Question: Let \[{{a}_{1}},{{a}_{2}},{{a}_{3}},.....{{a}_{100}}\] be an arithmetic progression with \[{{a}_{1}}...

Question

Let ${{a}_{1}},{{a}_{2}},{{a}_{3}},.....{{a}_{100}}$ be an arithmetic progression with ${{a}_{1}}=3$ and ${{S}_{p}}$ is sum of 300. For any integer n with $1\le n\le 20$ , let $m=5n$ . If $\dfrac{{{S}_{m}}}{{{S}_{n}}}$ does not depend on n, then ${{a}_{2}}$ .
1. 9
2. 2 or 4
3. 4 or 16
4. None of these

Answer 1

Solution

In this particular problem first we need to recall the formula for sum of series which is in AP
Because the series which is given is in arithmetic progression. So, the formula for arithmetic progression is given by ${{S}_{k}}=\dfrac{k}{2}(2a+(k-1)d)$ . After taking the ratio of $\dfrac{{{S}_{m}}}{{{S}_{n}}}$ we get the value of d as it is independent of n. so, in this way we have to solve further and get the answer.

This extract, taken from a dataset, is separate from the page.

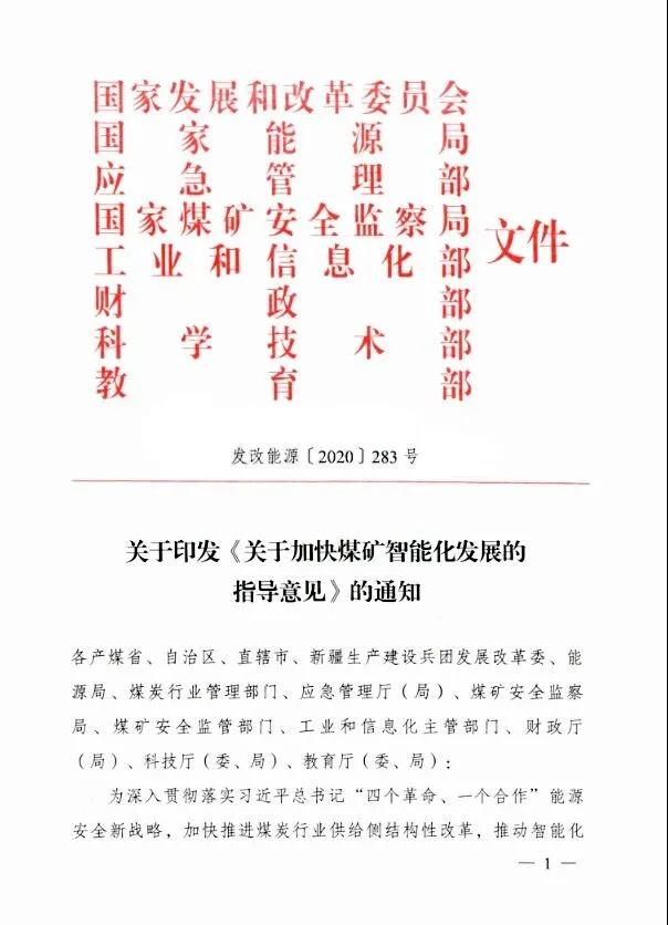 2020年2月25日,国家发改委、国家能源局等八部门联合印发了《关于加快煤矿智能化发展的指导意见》,煤矿智能化建设提速。指导意见提出,到2021年,建成多种类型、不同模式的智能化示范煤矿;到2025年,大型煤矿和灾害严重煤矿基本实现智能化;到2035年,各类煤矿基本实现智能化,构建多产业链、多系统集成的煤矿智能化系统,建成智能感知、智能决策、自动执行的煤矿智能化体系。

Complete step-by-step solution:
In this particular problem, it has mentioned in the series given that is ${{a}_{1}},{{a}_{2}},{{a}_{3}},.....{{a}_{100}}$
Above series is given in the form of A.P. so we have to apply the formula for the sum of series in A.P.
${{S}_{k}}=\dfrac{k}{2}(2a+(k-1)d)$
Here, in this question it has also given the relation between m and n.
That is $m=5n$ where, ratio $\dfrac{{{S}_{m}}}{{{S}_{n}}}$ is not dependent on n.
First of all we need to find the value of ${{S}_{m}}$
${{S}_{m}}=\dfrac{m}{2}(2a+(m-1)d)$
But we know that $m=5n$ substitute in above equation that is
${{S}_{m}}=\dfrac{5n}{2}(2a+(5n-1)d)---(1)$
Now, we have to find the value of ${{S}_{n}}$
${{S}_{n}}=\dfrac{n}{2}(2a+(n-1)d)---(2)$
We divide the equation (1) and equation (2)
$\dfrac{{{S}_{m}}}{{{S}_{n}}}=\dfrac{\dfrac{5n}{2}(2a+(5n-1)d)}{\dfrac{n}{2}(2a+(n-1)d)}$
Here in this equation you can substitute the value of $a=3$ we get:
$\dfrac{{{S}_{m}}}{{{S}_{n}}}=\dfrac{\dfrac{5n}{2}(2(3)+(5n-1)d)}{\dfrac{n}{2}(2(3)+(n-1)d)}$
After simplifying this above equation we get:
$\dfrac{{{S}_{m}}}{{{S}_{n}}}=\dfrac{5n(6+(5n-1)d)}{n(6+(n-1)d)}$
Here, n gets cancelled we get:
$\dfrac{{{S}_{m}}}{{{S}_{n}}}=\dfrac{5(6+(5n-1)d)}{(6+(n-1)d)}$
After simplifying further we get:
$\dfrac{{{S}_{m}}}{{{S}_{n}}}=\dfrac{5((6-d)+5nd)}{((6-d)+nd)}---(3)$
Condition which is given that
$\dfrac{{{S}_{m}}}{{{S}_{n}}}$ Does not depend on n.
Hence, $d=6$
Because if we substitute $d=6$ equation (3) becomes independent on n that means the expression is not in the term of n.
As we know that common difference should be the same for A.P.
${{a}_{2}}-{{a}_{1}}=d$
Here, $d=6$ and ${{a}_{1}}=3$
$\therefore {{a}_{2}}-3=6$
$\therefore {{a}_{2}}=6+3$
$\therefore {{a}_{2}}=9$
So, the correct option is “option 1”.

Note: In this particular problem, we have to keep in mind that the formula which we used is important. And don’t make silly mistakes while substituting the values. Another important thing is that when we are calculating the value of d. Always focus the statement which is given in question that is $\dfrac{{{S}_{m}}}{{{S}_{n}}}$ does not depend on n that means they have indirectly written here that we have to select the value of d in such a way the expression should be free of n. If we substitute the value of $d=6$ then in the expression n is cancelled and the ratio is 25 that means the ratio is not in the term of n. That we have to remember always, and don’t make silly mistakes here while selecting the values of d. So, the above solution is preferred for such types of problems.